*EXERCISE BRIEF*: Retype only the lines from the top of the records to the line with "The long-staying Roseate", including that line but none of the pictures.

Start of DATASET EXCERPTS

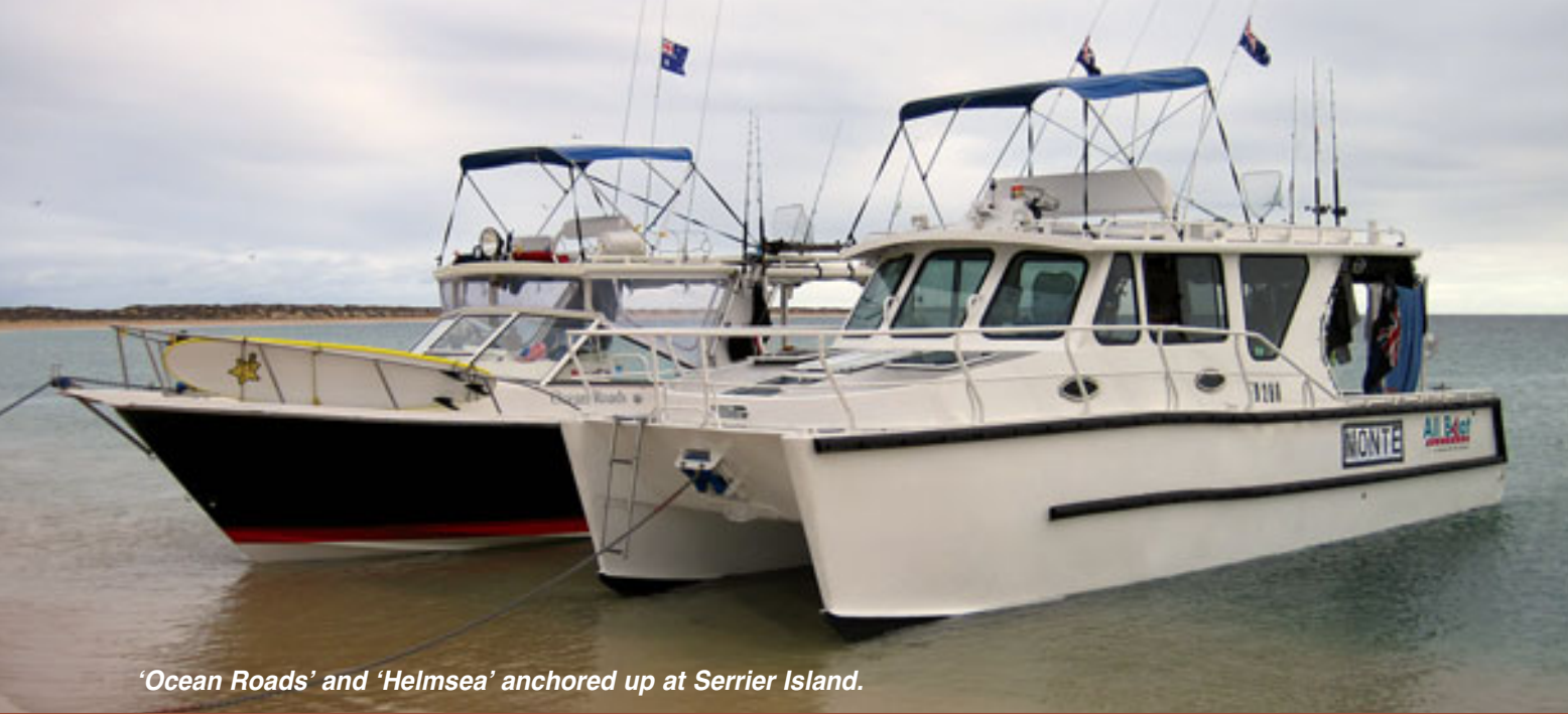
'Ocean Roads' and 'Helmsea' anchored up at Serrier Island.
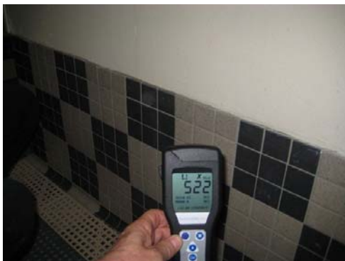
10.1 Hallway Floor Men's Area
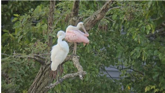
The long-staying Roseate Spoonbill at Henry Hudson Trail.

Yet another Southern species increasingly finding its way north, the three reports of Roseate Spoonbill were well documented by photographs. The Heislerville WMA bird may have been an adult, but the other two were juveniles. Even more were to arrive the following year.
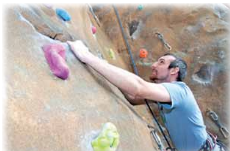
The climbing wall at the Healthy Living Centre
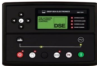
DSE7320 MKII AUTO START & AUTO MAINS FAILURE CONTROL

Fuel and start outputs, configurable when using CAN 8 configurable DC outputs 9configurable analogue/digital inputs Automatically transfers between mains (utility) and generator (DSE7320 MKII only) Increased input and output expansion capability via DSENet® IP65 rating (with optional gasket) offers increased resistance to water ingress DIGITAL INPUTS ANALOGUE INPUT
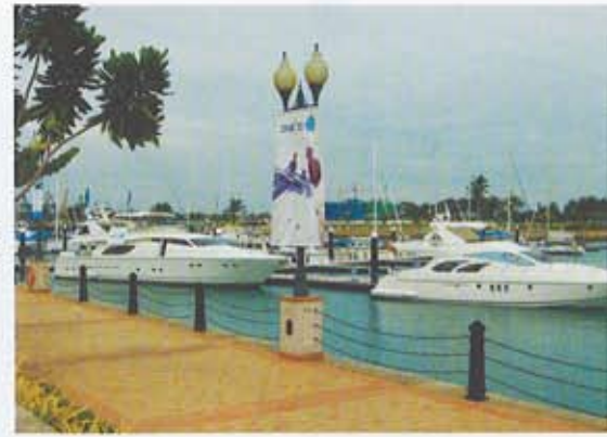
Yachts already moored up at One °15 Marina.

The marina has also welcomed its earliest superyachts. As the only marina in Asia that is purpose-built to berth up to ten megayachts at any given time, it has already received visits from large vessels from around
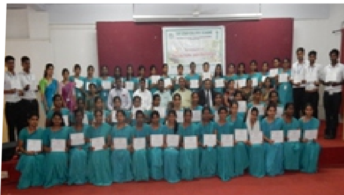
STUDENTS RECEIVED CERTIFICATES

End of DATASET EXCERPTS

*EXPECTED ANSWER*:
'Ocean Roads' and 'Helmsea' anchored up at Serrier Island.
10.1 Hallway Floor Men's Area
The long-staying Roseate Spoonbill at Henry Hudson Trail.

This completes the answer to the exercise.